Enternasyonalist komünistler ne istiyor?

      Enternasyonalist komünistler ne istiyor? için yorumlar kapalı

Filistin

Filistin’de İsrailli yerleşimci devlet, Gazze Şeridi’nde hapsedilen 2 milyon Filistinliye karşı soykırıma devam etmektedir. Yerleşimcilik, katliamlar ve hapse atmalar işgal altındaki Batı Şeria’da devam etmektedir. Tüm emperyalist kuvvetler günümüzde ikiyüzlü bir biçimde ateşkes talep etmektedir. Fakat Amerika Birleşik Devletler, Almanya, Büyük Britanya, Fransa, İtalya İsrail’in askeri taarruzunu tasdik etmişlerdir ve İsrail’e silah ve teçhizat vermeye devam etmektedirler. Katliamı durduracak olan onlar değildir. Sadece proletarya fabrikalarda, limanlarda ve havaalanlarında Netanyahu için vazgeçilmez olan silah ve teçhizat teslimatının boykotunu teşkilatlandırabilir. Filistinli sendikalar bunu talep etmektedir. Emperyalizmler ile her türlü reformistler, çözümün İsrail devleti yanında bir Filistin devleti oluşturulmasından geçtiğini iddia etmektedirler. Ancak bir tarafta boyun eğmiş ve İsrail için elinde kalan toprak parçalarında yardımcı polis vazifesini görmeye indirgenmiş bir FKÖ ve diğer tarafta yerleşimciliği arttıran tam kuvvetli siyonist devlet içeren bugünkü vaziyete yol açan tam da Oslo Antlaşmaları’dır. Siyonizm demek, Filistinliler için baskı, sürgün ve devamlı şiddet demektir. Filistin’de siyonist devletin ilgası olmadan, demokratik, çok etnik gruplu, iki lisanlı, laik ve sosyalist Filistin mücadelesi olmadan sulh olmayacaktır. Filistin’de işçi ve köylü hükumeti kurulsun! Orta Doğu sosyalist federasyonu kurulsun. Siyonizmle ilişkisini kesmesi gereken Yahudi proletaryası ile Filistin proletaryasının perspektifi işte bu olmalıdır. Bu, enternasyonalist komünistlerin mücadelesidir!

Ukrayna

Ukrayna’da, Rusya emperyalist işgal harbine devam etmektedir. Fakat bu, henüz emperyalistler arası bir harp değildir. Batılı emperyalistler Ukrayna’ya silah teslimatı yapmaktadırlar ancak henüz Rus emperyalizmine karşı doğrudan müdahalede bulunmamaya itina etmektedirler. Ukrayna’yı darağacının idam mahkumunu desteklediği gibi desteklemektedirler, aynı zamanda Zelenskiy hükumetinin kayıtsızlığıyla en iyi arazilere sahip olmakta, özelleştirmelerle büyük kazançlar edinmekte, hububat dış ticaretini tekellerine almakta ve gelecek “yeniden inşanın” kârını aralarında paylaşmak için beynelmilel konferanslar tertip etmektedirler. Amerikan burjuvazisinin Trump’ın arkasına saflanmış bir bölümü artık Ukrayna’yı desteklemeye devam etmekten ziyade Amerikan emperyalizminin tüm gayretini esas düşmanına karşı odaklaması gerektiğini düşünmektedir.

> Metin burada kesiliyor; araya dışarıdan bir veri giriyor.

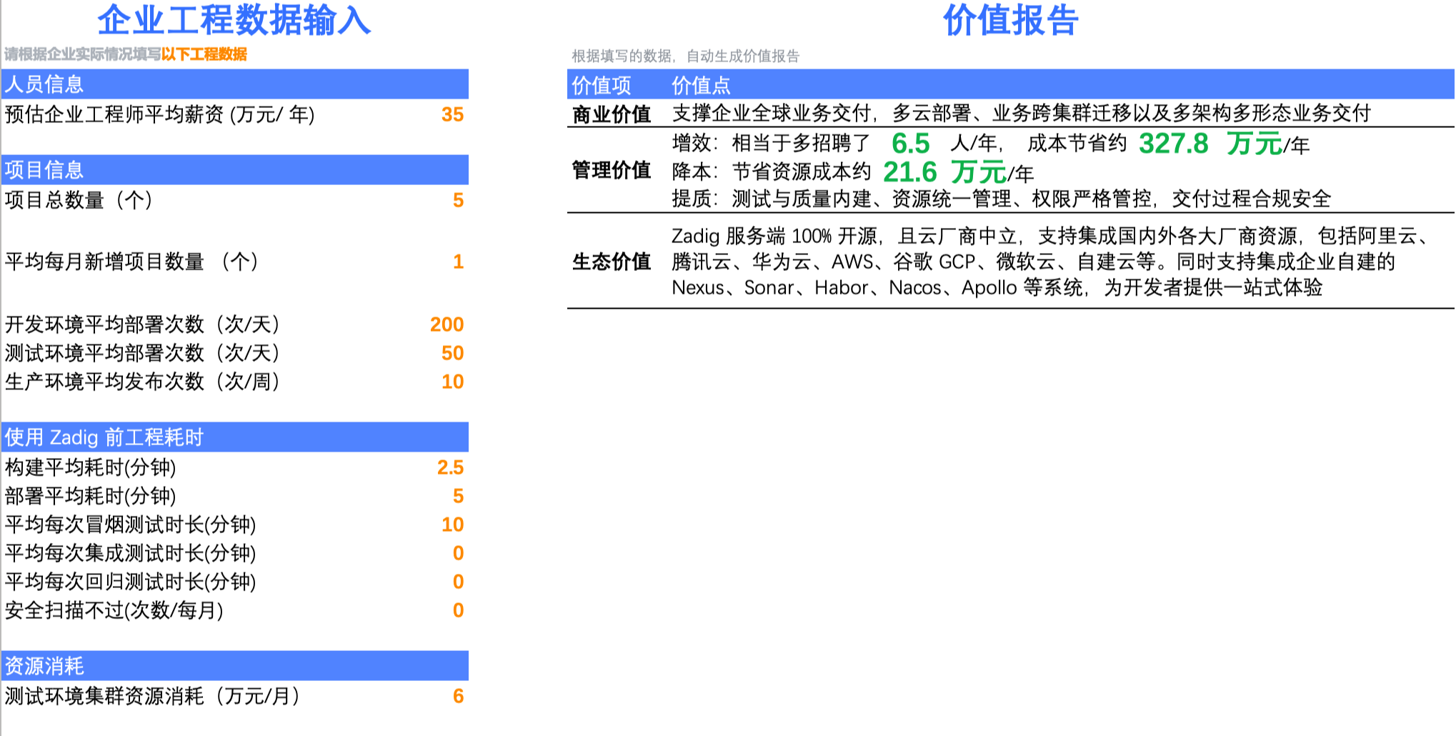 使用方法:输入实际工程数据至“企业工程数据输入”区域,系统将自动生成价值报告。如图中的工程数据样本可预估每年节省 265.2 万元 成本,相当于额外招聘 5.2 名员工。若月资源消耗 6 万元 ,采用 Zadig 预计每年节省 21.6 万元 。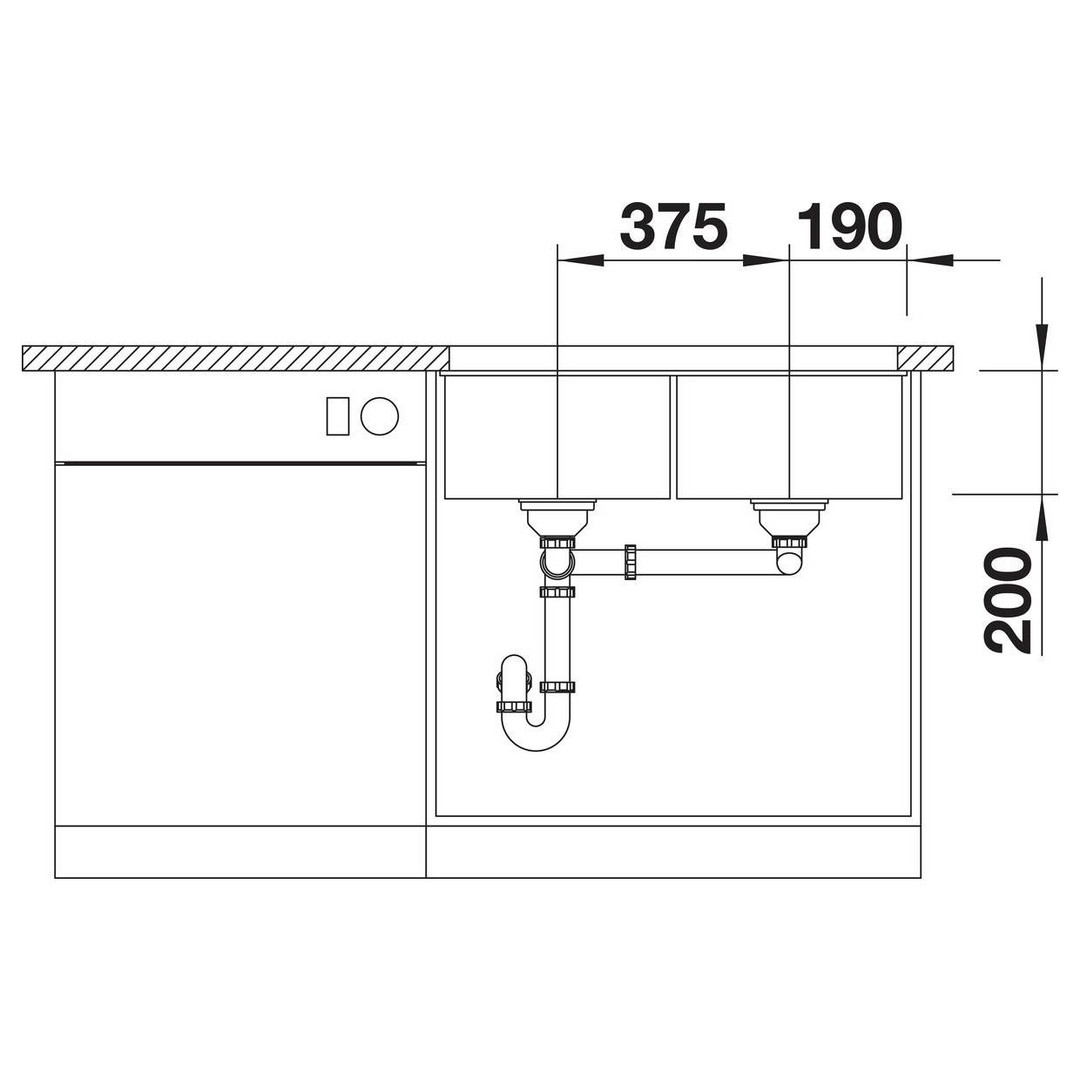 Beckentiefe 20/20 cm, 2 in 1: 2 Becken (ein Ausschnitt und nur einmal montiert), mit Überlauf C-overflow und Ablaufsystem InFino, Ablaufgarnitur mit Raumsparrohr, Ablaufverbindung, 2x 3 1/2 InFino-Korbventil, Befestigungsset, Unterbau, Untermaß 80 cm

Ukrayna, Rus ordusunun baskısına mukavemet etmekte git gide daha çok zorlanmaktadır. Zelenskiy hükumeti, şoven ideoloji, yolsuzluk, imtiyazlar, demokratik hürriyetlerin kısıtlanmaları, proletarya üzerinde çeşitli baskılar ve ülkenin Amerikalı, Alman, Britanyalı, Fransız… ekonomik ve stratejik menfaatlere boyun eğip satılması gibi unsurlarla harbi komprador burjuvazi yöntemleriyle yürütmektedir. Bu siyaset, cephenin ana unsuru olan emekçi kitlelerin moralini bozmakta ve gençlerin ülke müdafaasına iştirak etmedeki şevkini boğmaktadır.

Askerler de dahil olmak üzere herkes için demokratik hürriyetler tesis edilsin, Zelenskiy’nin işçi düşmanı kanunları iptal edilsin, özelleştirmeler emekçi ve fakir köylülerin kontrolünde iptal edilsin! Askeri eğitim, emekçilerin silahlanması ve harbin yönetimi işçi ve köylü teşkilatlarının kontrolünde yapılsın! Tatar, Rus, Beyaz Rus, Moldav, Rom, Yahudi, Macar ve Rumen azınlıklara Ukrayna’da ve bölgenin bütün ülkelerinde saygı gösterilsin! Rus birlikleri Ukrayna’dan çekilsin! Amerikan, Britanyalı, Fransız, İspanyol, İtalyan… birlikler Orta Avrupa’dan çekilsin! NATO lağvedilsin!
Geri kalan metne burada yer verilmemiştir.